Using the data below, output a verbatim copy of the lines between the one holding "À cette occasion, une" and the one holding "小区:国宾一号 面积:210㎡ 户型:四居 风格:新中式风格", inclusive, without any pictures.

■ **Input**:
↓↓↓
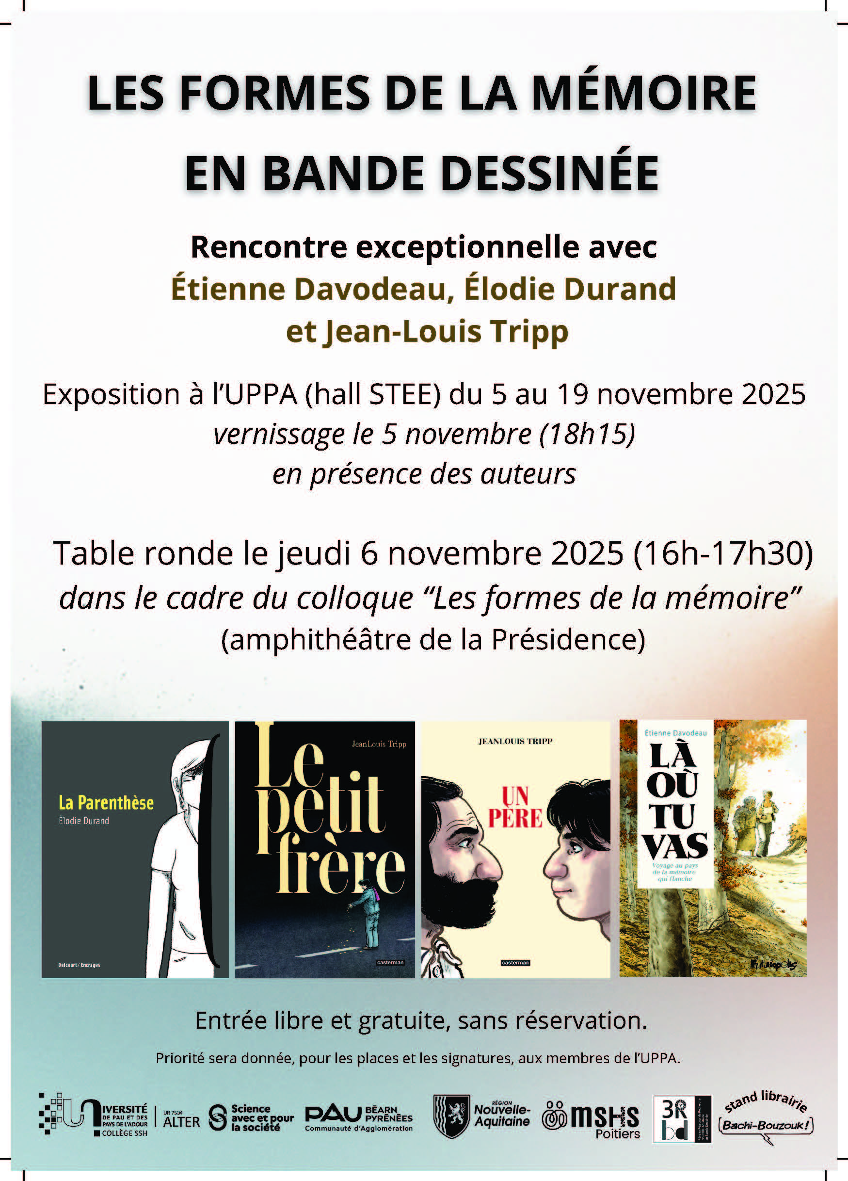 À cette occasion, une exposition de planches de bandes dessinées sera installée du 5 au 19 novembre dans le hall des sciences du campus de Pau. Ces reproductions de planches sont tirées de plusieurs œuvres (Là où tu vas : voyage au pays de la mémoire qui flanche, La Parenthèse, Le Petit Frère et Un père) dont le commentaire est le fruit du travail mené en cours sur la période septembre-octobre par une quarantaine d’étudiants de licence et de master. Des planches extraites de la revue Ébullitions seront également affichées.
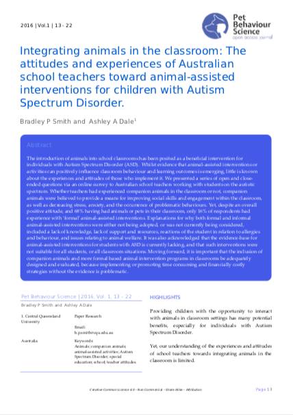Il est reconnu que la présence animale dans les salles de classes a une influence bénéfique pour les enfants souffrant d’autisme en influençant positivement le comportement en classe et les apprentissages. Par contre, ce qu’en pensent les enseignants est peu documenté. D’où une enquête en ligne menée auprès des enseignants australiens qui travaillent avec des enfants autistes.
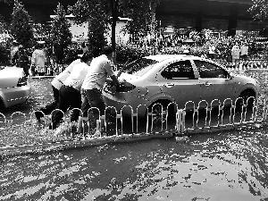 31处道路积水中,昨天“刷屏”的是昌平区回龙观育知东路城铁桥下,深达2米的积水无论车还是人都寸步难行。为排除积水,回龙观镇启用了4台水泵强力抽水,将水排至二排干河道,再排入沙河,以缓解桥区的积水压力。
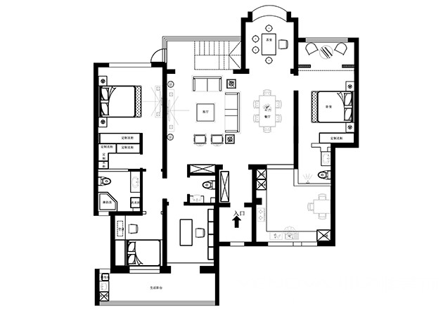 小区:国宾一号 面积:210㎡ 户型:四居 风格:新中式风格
↑↑↑
↓↓↓
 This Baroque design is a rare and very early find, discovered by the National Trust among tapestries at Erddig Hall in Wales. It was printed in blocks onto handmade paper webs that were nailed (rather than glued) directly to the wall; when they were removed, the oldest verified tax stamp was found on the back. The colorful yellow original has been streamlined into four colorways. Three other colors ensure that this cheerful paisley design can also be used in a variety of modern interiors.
↑↑↑
■ **Answer for this exercise**:
 À cette occasion, une exposition de planches de bandes dessinées sera installée du 5 au 19 novembre dans le hall des sciences du campus de Pau. Ces reproductions de planches sont tirées de plusieurs œuvres (Là où tu vas : voyage au pays de la mémoire qui flanche, La Parenthèse, Le Petit Frère et Un père) dont le commentaire est le fruit du travail mené en cours sur la période septembre-octobre par une quarantaine d’étudiants de licence et de master. Des planches extraites de la revue Ébullitions seront également affichées.
Il est reconnu que la présence animale dans les salles de classes a une influence bénéfique pour les enfants souffrant d’autisme en influençant positivement le comportement en classe et les apprentissages. Par contre, ce qu’en pensent les enseignants est peu documenté. D’où une enquête en ligne menée auprès des enseignants australiens qui travaillent avec des enfants autistes.
 31处道路积水中,昨天“刷屏”的是昌平区回龙观育知东路城铁桥下,深达2米的积水无论车还是人都寸步难行。为排除积水,回龙观镇启用了4台水泵强力抽水,将水排至二排干河道,再排入沙河,以缓解桥区的积水压力。
 小区:国宾一号 面积:210㎡ 户型:四居 风格:新中式风格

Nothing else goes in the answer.